Instructions for the task
When you return the data, keep every line exactly as it is and leave out the pictures.

BEGIN Data provided

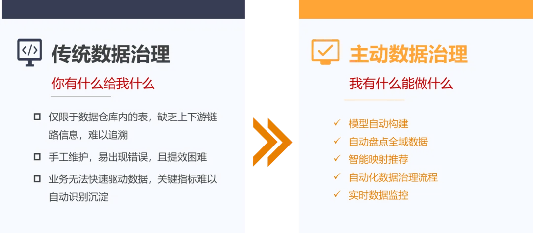 总结来说,传统数据治理是一种被动的治理方式,其特点是:你要什么我给什么,依赖人对原始数据的理解,因而容易导致数据治理效率低、工作量大、治理难度高的问题。
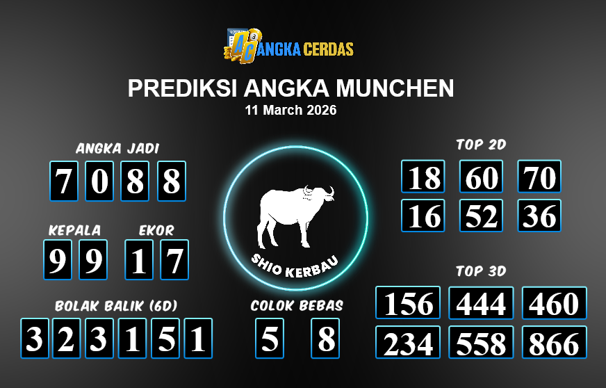 Prediksi Togel MUNCHEN untuk hari ini Rabu, 11 Maret 2026, adalah salah
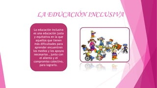 La educación inclusiva promueve la igualdad de oportunidades y una educación personalizada para todos los estudiantes, incluyendo a aquellos con más dificultades de aprendizaje. Los objetivos de la escuela inclusiva incluyen flexibilizar las estructuras educativas y fomentar la participación, solidaridad y cooperación entre estudiantes. La escuela inclusiva apuesta por la participación, el apoyo a estudiantes con dificultades y el respeto mutuo entre todos.

END Data provided

Output for this task
 总结来说,传统数据治理是一种被动的治理方式,其特点是:你要什么我给什么,依赖人对原始数据的理解,因而容易导致数据治理效率低、工作量大、治理难度高的问题。
 Prediksi Togel MUNCHEN untuk hari ini Rabu, 11 Maret 2026, adalah salah
 La educación inclusiva promueve la igualdad de oportunidades y una educación personalizada para todos los estudiantes, incluyendo a aquellos con más dificultades de aprendizaje. Los objetivos de la escuela inclusiva incluyen flexibilizar las estructuras educativas y fomentar la participación, solidaridad y cooperación entre estudiantes. La escuela inclusiva apuesta por la participación, el apoyo a estudiantes con dificultades y el respeto mutuo entre todos.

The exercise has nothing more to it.